The opinion of the court was delivered by: Anne E. Covey, Judge

Argued: June 4, 2012



Bethel Park Federation of Teachers, Local 1607, American Federation of Teachers, and AFL-CIO (collectively, Federation) appeal the Allegheny County Court of Common Pleas' (trial court) August 4, 2011 order vacating the Arbitrator's award and affirming the Bethel Park School District's (District) decision to terminate Michael W. Lehotsky's (Grievant) employment. There are two issues before the Court: (1) whether the Arbitrator's award was rationally derived from the collective bargaining agreement, i.e., whether it met the essence test; and (2) whether the Arbitrator's award should have been vacated under the public policy exception to the essence test. We affirm.

Grievant has been employed by the District as a seventh grade mathematics teacher since 1991. The District alleges that although Grievant performed satisfactorily early in his career, more recently, his conduct has become unacceptable.

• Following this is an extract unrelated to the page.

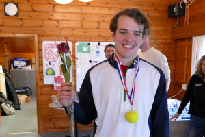 In deze poule streden ook Michiel Hoefsloot, Sake de Vlas en Guido Cramwinckel mee om de titel. Iedere zondag om 20 uur zijn zij op de baan te vinden en worden er singles gespeeld in continue wisselende samenstelling tussen iedereen die er is. Dus: volgend jaar meedoen om de prijzen? Ga zondagavond ‘tossen’! Dat dit effect heeft blijkt wel uit het feit dat Michiel in de kwartfinale met een knieblessure opgaf in de super-tiebreak bij 9-8. Dat is hoe de tennis etiquette het voorschrijft. Zo is het ook gebruikelijk om je af te melden als je ziek of geblesseerd bent! Dat gebeurde in een opvallend aantal gevallen niet. De apotheose in deze poule werd een finale tussen de twee mastodonten Sake en Guido. Mooi om te zien dat hun beider partners hen aan kwamen moedigen en tot en met de prijsuitreiking bleven om ze te steunen!

Since approximately 2003, Grievant has engaged in various forms of misconduct which have resulted in disciplinary proceedings or formal improvement plans. During the 2008-2009 school year, parents and students reported to the

District that Grievant was engaging in unwelcome contact with seventh grade female students which included holding their hands, and/or rubbing their backs or legs when he would assist them.

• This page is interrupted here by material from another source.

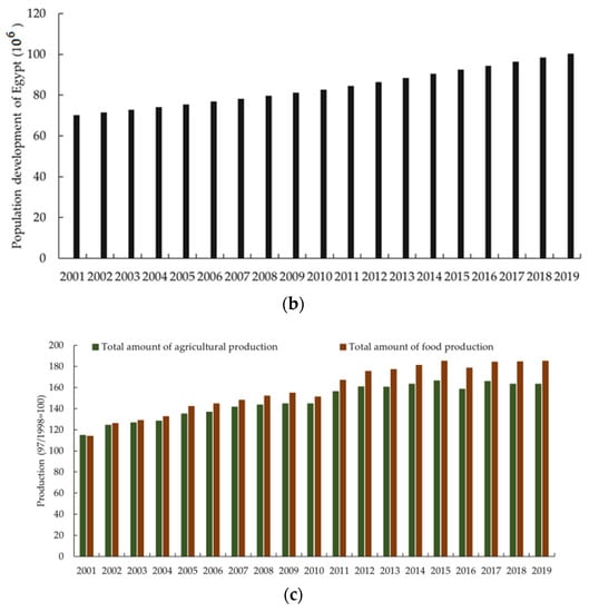 New Valley, as a significant agricultural society, has various industries that are of great importance to the local economy []. The cultivated area in New Valley increased from about 18,000 hectares in 1988 to approximately 29,000 hectares in 1998 [] due to land reclamation []; crop cultivation is the primary water-consuming sector in this area, consuming more than 75% of the water available in New Valley []. The increase in the size of the cultivated areas in New Valley, therefore, poses a threat to the limited natural resources available in this region, especially water [].

Before the 2009-2010 school year began, the District required Grievant to be evaluated by psychiatrists to determine whether and under what conditions he could safely return to the classroom. Among the psychiatric experts' recommendations was that Grievant should not have any contact with students outside of a structured classroom setting. In addition to his five teaching periods per day, Grievant had historically conducted a math lab, also known as "Lunch and Learn." During math lab, students with questions could bring their lunches to the classroom and obtain additional assistance, complete assignments that they had missed, or retake tests. The improvement plan prohibited Grievant from conducting a math lab and from contacting students outside of the structured classroom setting. Grievant defied those directives. He met with students during lunch in other teachers' classrooms, continued to have physical contact with them, and engaged in other unacceptable conduct, including making death threats against members of the administration. Because Grievant did not meet the improvement plan conditions, the District concluded that he could not remain employed as a teacher in the District.

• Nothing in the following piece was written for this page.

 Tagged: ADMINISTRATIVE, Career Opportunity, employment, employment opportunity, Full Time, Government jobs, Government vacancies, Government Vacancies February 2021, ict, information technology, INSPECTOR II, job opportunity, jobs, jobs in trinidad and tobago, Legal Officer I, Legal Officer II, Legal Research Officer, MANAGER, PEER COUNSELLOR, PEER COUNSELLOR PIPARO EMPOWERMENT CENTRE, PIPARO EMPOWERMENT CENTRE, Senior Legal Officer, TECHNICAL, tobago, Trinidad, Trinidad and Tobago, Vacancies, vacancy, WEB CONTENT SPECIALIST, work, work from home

By letter dated November 24, 2009, the District's Board of Directors informed Grievant of its intention to discharge him from his employment for violating provisions of Pennsylvania's Public School Code of 1949,*fn1 as well as the District's own policies prohibiting sexual harassment. The November 24, 2009 correspondence also charged Grievant with unprofessionalism because of his conduct toward colleagues and administrators. The correspondence informed Grievant of his right to a hearing before the Board of Directors to determine whether the charges were substantiated or, in the alternative, to challenge his proposed dismissal through the contractual grievance and arbitration procedure.

On December 2, 2009, the Federation informed the District that Grievant preferred to challenge any proposed action through the contractual grievance and arbitration procedure and, on that same date, the Federation submitted a formal grievance on Grievant's behalf, asserting that he was suspended and dismissed from his employment without just cause, in violation of Article 7 of the collective bargaining agreement (CBA). Because the parties were unable to resolve their dispute through the preliminary stages of the grievance procedure set forth in the CBA, the matter was referred to an Arbitrator for full, final and binding resolution.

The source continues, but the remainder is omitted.